Zeitgenössisches stand schon bei der jüngsten Staatsopernpremiere auf dem Programm: Péter Eötvös' Oper in drei Sequenzen nach Anton Tschechows gleichnamigem Schauspiel "Tri Sestri" ("Drei Schwestern"). Neu ist das 1998 in Lyon uraufgeführte Werk für Wien nicht: Seine Wiener Erstaufführung erlebte es anlässlich der Wiener Festwochen 2002. Auch damals, im Theater an der Wien, leitete der Komponist - ein veritabler Dirigent, den Pierre Boulez als Nachfolger für sein Ensemble InterContemporain engagierte und den auch die Wiener Philharmoniker schon an ihr Pult gebeten haben - die Aufführungen. Nicht alleine, denn er hat sich für die musikalische Realisierung dieses Stoffes gleich zwei Orchester ausgedacht: ein kleineres, die Protagonisten begleitendes im Orchestergraben, ein zweites hinter der Bühne, das für den symphonischen Klang sorgt. Diesmal in der Staatsoper unter Jonathan Stockhammer, der sich dabei stets im besten Einklang mit Eötvös zeigte und dementsprechend zusammen mit ihm gefeiert wurde.
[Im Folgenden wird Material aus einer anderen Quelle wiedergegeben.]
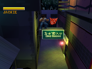 While the brawling works quite well, it's a different story when it comes to the platforming. Like Crash Bandicoot or Donald Duck: Goin' Quackers, the camera is always positioned infront of you. When you run right to left, this isn't the biggest of problems but in many cases you are required to jump inwards or outwards from the screen. This creates some very fustrating moments where it's damn near impossible to calculate the proper distance of the jumps and missing them often leads to instant death. You'll encounter this problem the most in the Waterfront and Sewer sections, where you are required to jump on floating platforms in the water, and most times, you'll find yourself overshooting your jump. Jackie's jump is also not the most responsive feature in this game, which can be equally as confusing. As you press X to jump, there's a split second delay and the height is preset depending on the length of your press. That means when you are in dangerous situations where you find yourself jumping from falling platform to platform you'll most likely be pushing buttons fast, and suddenly Jackie will do an extremely short jump which completely misses the target and sends you to instant death. This problem was very common in 3D platformers in this era.
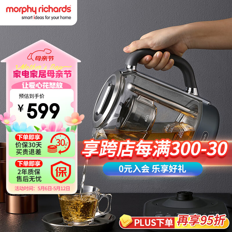 摩飞电器(Morphyrichards)养生壶煮茶器煮茶壶智能升降电水壶烧水壶电热水壶迷你玻璃花茶壶黑茶 MR6088灰价格:659.00元!
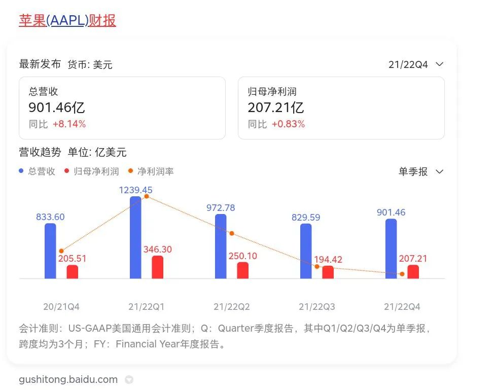 10月28日凌晨,苹果公司公布了2022财年第四财季(即第三季度)的业绩报告。报告显示,苹果在第四财季的总净营收为901.46亿美元,和去年同期相比增长了8.14%;净利润为207.21亿美元,相较去年同期增长0.83%。其中,苹果在大中华区的营收为154.70亿美元,与去年同期的145.63亿美元相比增长了6%。

Aber nicht nur Stockhammer feierte sein Debüt im Haus am Ring sondern auch der seinerzeit von Franz Welser-Möst entdeckte und nun für diese Inszenierung verpflichtete Regisseur Yuval Sharon. Kunst solle Kunst bleiben, lautet sein künstlerisches Credo. Daher will er mit seiner Arbeit nicht eine Botschaft übermitteln, sondern Bilder offerieren, welche durch ihre Vielschichtigkeit die Besucher zum eigenen Reflektieren anregen.

Atmosphärisch dichte Arbeit

Eötvös' Opernsujet bietet dazu die entsprechenden Möglichkeiten. Denn es erzählt aus den unterschiedlichen Perspektiven der drei sich in der Provinz langweilenden und in unterschiedlichen Dreierkonstellationen befindenden Schwestern Irina, Masch und Olga deren Gegenwart mit Vergangenheit mischende Geschichte. Zu erwarten ist, dass sich an ihrem Schicksal auch in Zukunft kaum etwas ändern wird. Das hat den Regisseur, der das Geschehen in einem zuweilen mit Türen bestückten, an ein Herrschaftshaus erinnernden Einheitsraum (Ausstattung: Esther Bialas) ablaufen lässt, dazu inspiriert, das Thema dieser quasi ständigen Wiederkehr von Situationen durch Laufbänder zu symbolisieren, auf denen andauernd Requisiten vorbeiziehen. Eine Idee, die vor allem bei der ersten Sequenz den Blick zu sehr auf diese Bilder konzentriert und weniger auf die Beziehung der einzelnen Personen, die in der Folge ungleich deutlicher gezeigt werden. Jedenfalls eine gedankenvolle, atmosphärisch dichte Arbeit, die weniger auf das Sichtbarmachen der einzelnen Handlungsstränge als die Darstellung der unterschiedlichen Seelenlandschaften der einzelnen Protagonisten zielt.

Die auf beziehungsvollen Dreitonakkorden basierende Musik, bei der einzelne Instrumente bestimmten Personen zugeordnet sind, konterkariert den Charakter bewusst nicht, sondern unterstützt illustrativ. Selbstredend, dass sie beim dirigierenden Komponisten und seinem Mitkombattanten in den besten Händen war. Dies bewies auch das differenzierte Spiel des Orchesters hinreichend. Nicht minder überzeugend präsentierten sich die exzellenten Protagonisten, angefangen von den die drei Schwestern darstellenden Aida Garifullina, Margarita Gritskova und Ilseyar Khayrullova, zumal Eötvös diese ursprünglich Countertenören zugeordneten Rollen mit drei ebenso virtuosen Frauenstimmen besetzte. Auf einen brillanten Counter musste man dennoch nicht verzichten: Eric Jurenas prunkte in der Rolle der ungeliebten Schwägerin Natascha. Und ein weiteres Kabinettstück war der Doktor von Norbert Ernst.